Thanks @potiuk for the first pass at this, I think this looks like a pretty solid starting point.
I have gone through the model and made various suggested edits throughout (mostly confirming/clarifying things you'd marked as needed that). I won't commit the edits yet as I want to give the rest of the PMC chance to review the initial draft as-is
Have also provided initial answers for most of the questions. Some of those answers are just me pinging other PMC members with the relevant expertise in a particular area of the codebase to provide their input
| ## §4 Trust boundaries and data flow | ||
|
|
||
| - **Primary boundary: the Fuseki SPARQL endpoint.** Queries arrive over HTTP from (by default) **anonymous** clients.

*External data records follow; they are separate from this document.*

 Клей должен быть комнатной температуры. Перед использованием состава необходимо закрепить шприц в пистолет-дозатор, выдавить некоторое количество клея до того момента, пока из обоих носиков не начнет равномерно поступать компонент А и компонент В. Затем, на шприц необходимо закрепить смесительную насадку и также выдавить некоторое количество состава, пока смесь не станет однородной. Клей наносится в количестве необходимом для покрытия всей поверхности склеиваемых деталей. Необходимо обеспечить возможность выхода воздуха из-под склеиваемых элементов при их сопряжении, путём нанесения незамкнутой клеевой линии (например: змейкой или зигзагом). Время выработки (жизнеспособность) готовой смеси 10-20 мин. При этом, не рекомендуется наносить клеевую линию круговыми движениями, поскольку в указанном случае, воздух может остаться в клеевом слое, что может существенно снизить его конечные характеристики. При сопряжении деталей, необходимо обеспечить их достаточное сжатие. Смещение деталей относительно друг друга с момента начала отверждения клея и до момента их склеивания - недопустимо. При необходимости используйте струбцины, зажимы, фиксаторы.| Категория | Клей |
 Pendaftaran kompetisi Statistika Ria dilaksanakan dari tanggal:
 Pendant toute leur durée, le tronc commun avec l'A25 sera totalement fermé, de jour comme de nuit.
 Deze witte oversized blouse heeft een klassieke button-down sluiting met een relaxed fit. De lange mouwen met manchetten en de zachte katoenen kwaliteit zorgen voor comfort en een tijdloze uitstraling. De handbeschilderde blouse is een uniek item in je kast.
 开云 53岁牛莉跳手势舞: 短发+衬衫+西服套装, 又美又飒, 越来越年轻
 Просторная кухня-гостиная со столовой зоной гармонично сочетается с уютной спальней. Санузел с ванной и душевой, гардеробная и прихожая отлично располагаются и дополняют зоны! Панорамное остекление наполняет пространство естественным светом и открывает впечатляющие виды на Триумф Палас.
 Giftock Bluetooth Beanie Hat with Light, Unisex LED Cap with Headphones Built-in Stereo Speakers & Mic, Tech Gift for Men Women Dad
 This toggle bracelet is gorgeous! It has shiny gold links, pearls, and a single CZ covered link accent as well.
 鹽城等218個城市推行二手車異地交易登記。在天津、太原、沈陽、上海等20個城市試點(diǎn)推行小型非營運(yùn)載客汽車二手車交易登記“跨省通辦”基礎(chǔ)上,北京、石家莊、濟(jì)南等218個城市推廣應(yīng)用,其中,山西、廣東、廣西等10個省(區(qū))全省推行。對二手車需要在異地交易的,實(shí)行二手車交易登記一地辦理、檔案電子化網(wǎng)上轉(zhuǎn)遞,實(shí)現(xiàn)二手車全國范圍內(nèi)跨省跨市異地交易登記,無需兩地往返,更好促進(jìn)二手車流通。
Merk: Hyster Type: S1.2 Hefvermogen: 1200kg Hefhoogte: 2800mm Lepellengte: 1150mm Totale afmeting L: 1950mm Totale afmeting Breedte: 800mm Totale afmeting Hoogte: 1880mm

The boundary question is what an anonymous/low-privilege SPARQL query can reach: read data it shouldn't, **write** (SPARQL Update / GSP) without authorisation, make Fuseki issue outbound requests (`SERVICE` → SSRF), read local files (`file:` URLs / FROM), execute code (ARQ custom/JavaScript functions if enabled), or exhaust resources. *(inferred; public-query default documented)* | ||
| - **Admin boundary:** the `/$/*` admin surface is localhost-only by default *(documented)*; exposing it to the network is an operator misconfiguration. |
There was a problem hiding this comment.
| - **Admin boundary:** the `/$/*` admin surface is localhost-only by default *(documented)*; exposing it to the network is an operator misconfiguration. | |
| - **Admin boundary:** the `/$/*` admin surface is localhost-only by default *(documented)*; exposing it to the network (without configuring authentication/authorisation) is an operator misconfiguration. |
|
|
||
| - **Runtime:** JVM (Java; "old in places" per andy@). *(maintainer)* | ||
| - **Fuseki auth:** Apache Shiro via `$FUSEKI_BASE/shiro.ini`; changing it needs a restart *(documented — Fuseki security docs)*. | ||
| - **Store:** TDB1/TDB2 on the local filesystem, assumed private to the Fuseki/JVM process. *(inferred)* |
There was a problem hiding this comment.
| - **Store:** TDB1/TDB2 on the local filesystem, assumed private to the Fuseki/JVM process. *(inferred)* | |
| - **Store:** TDB1/TDB2 on the local filesystem, private to the owning Fuseki/JVM process, multiple processes accessing a single store location prevented by code. *(maintainer)* |
| - **Fuseki auth:** Apache Shiro via `$FUSEKI_BASE/shiro.ini`; changing it needs a restart *(documented — Fuseki security docs)*. | ||
| - **Store:** TDB1/TDB2 on the local filesystem, assumed private to the Fuseki/JVM process. *(inferred)* | ||
| - **Network:** TLS is the deployer's (reverse proxy); Fuseki's bundled example setup is plaintext *(documented — "no TLS, passwords in plain text")*. | ||
| - **Negative side-effects inventory** (inferred — wave-1/2 target): Fuseki listens on HTTP; ARQ can make **outbound** network requests via `SERVICE` (federation) and can read **`file:`/http: URLs** named in queries (FROM/FROM NAMED/SERVICE); RIOT parses untrusted RDF; ARQ may execute **custom/JavaScript functions** if the operator enabled them; TDB reads/writes the data directory. *(inferred — these are the load-bearing confirmations)* |
There was a problem hiding this comment.
| - **Negative side-effects inventory** (inferred — wave-1/2 target): Fuseki listens on HTTP; ARQ can make **outbound** network requests via `SERVICE` (federation) and can read **`file:`/http: URLs** named in queries (FROM/FROM NAMED/SERVICE); RIOT parses untrusted RDF; ARQ may execute **custom/JavaScript functions** if the operator enabled them; TDB reads/writes the data directory. *(inferred — these are the load-bearing confirmations)* | |
| - **Negative side-effects inventory** (inferred — wave-1/2 target): Fuseki listens on HTTP; ARQ can make **outbound** network requests via `SERVICE` (federation), `SERVICE` can be disabled by operator in configuration; ARQ can read **`file:`/http: URLs** named in queries (FROM/FROM NAMED/SERVICE); RIOT parses untrusted RDF; ARQ may execute **custom/JavaScript functions** if the operator enabled them; TDB reads/writes the data directory. *(inferred — these are the load-bearing confirmations)* |
There was a problem hiding this comment.
@afs On the point of reading file:/http URLs in queries/updates isn't that partly a feature of what dataset implementation is used i.e. is this something the operator can control/disable by choice of configuration?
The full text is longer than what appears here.